Table 1 describes the characteristics of the grafts according to the modified Maastricht donor classification. Stratification according to donor type showed no differences in renal function estimated as serum creatinine 1 yr after transplant (type I, 1.63 ± 0.10; type II, 1.39 ± 0.09; type III, 1.42 ± 0.09; type IV 1.85 ± 0.5; and type V, 2.17 ± 0.87 mg/dl; P = 0.453). However, differences were shown in graft survival (P = 0.002) (Figure 2), with relative risks using the type I donors as the reference category of 0.88 (95% CI, 0.09 to 8.51) for type II, 2.39 (95% CI, 0.25 to 22.99) for type III, 3.79 (95% CI, 0.39 to 36.43) for type IV, and 9.48 (95% CI, 2.37 to 37.99) for type V. It should be noted that 54 of the 90 kidneys procured from subjects who died on the street showed primary function. Worst survival rates were shown by kidneys obtained from donors suffering unexpected cardiac arrest in intensive care (type V); 33% of these grafts never functioned. Because the ischemia time sustained by these kidneys had been short, this prompted us to review the medical history of the corresponding donors. The review disclosed that before irreversible cardiac arrest, these donors had suffered several other cardiac arrests accompanied by hypotension that was difficult to manage and the requirement for vasoconstrictive agents. There were also cases of cardiopulmonary dysfunction. The donors had been chosen during the initial stages of the NHBD program and, in view of the poor results, more restrictive acceptance criteria for kidneys from this type of donor were adopted, including a maximum time of oligoanuria before cardiac arrest of 60 min. Patient survival was similar when the transplants were stratified according to NHBD type (P = 0.438).

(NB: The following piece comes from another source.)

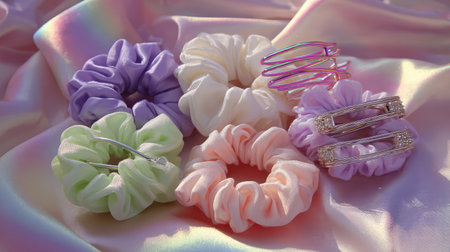 This image showcases a delightful collection of colorful scrunchies and stylish hair clips, set against a luminous satin fabric background, perfect for fashion lovers.

Table 1: General characteristics of NHBD and HBD transplants performed at the Hospital Clinico San Carlos (Madrid, Spain) from 1989 to 1998a
Figure 2: Actuarial graft survival in NHBD transplants according to modified Maastricht categories. Data were obtained from the Hospital Clinico San Carlos (Madrid, Spain) over the period 1989-1998.
The NHBD program shows two clearly distinguishable periods. The first, from 1989 to 1992 in which 17 transplants were performed (five type II and 12 type V), may be considered the starting period, or stage I. For several reasons mainly concerning hospital infrastructure, no further transplant was performed until 1995 when the second stage of the program was initiated. This period, including 78 transplants (54 type I, 14 type II, six type III, four type IV, and zero type V), extends to October 1998. It may be observed that NHBD represent an increasing proportion of the donor pool (from 11% in 1995 to the current 37.7%).

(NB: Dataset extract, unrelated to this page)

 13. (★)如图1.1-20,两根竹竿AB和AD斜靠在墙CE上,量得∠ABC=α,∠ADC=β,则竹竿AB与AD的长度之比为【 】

A comparison of the two program stages showed that the proportion of never-functioning kidneys was higher during stage I (29.4% versus 2.6%; P = 0.002). Similarly, graft survival was worse during stage I (52.9% versus 91.3% at 3 yr, respectively; P = 0.0001) (Figure 3). No differences in HBD graft survival rates were observed between the two stages (P = 0.3610) (Figure 4).
Figure 3: Actuarial graft survival in NHBD transplants according to the time period. Stage I: 1989 to 1992 (broken line). Stage II: 1995 to 1998 (solid line). Data were obtained from the Hospital Clinico San Carlos (Madrid, Spain) over the period 1989-1998.
Figure 4: Actuarial graft survival in heart beating donor (HBD) transplants according to the time period. Stage I: 1989 to 1992 (broken line). Stage II: 1995 to 1998 (solid line). Data were obtained from the Hospital Clinico San Carlos (Madrid, Spain) over the period 1989-1998.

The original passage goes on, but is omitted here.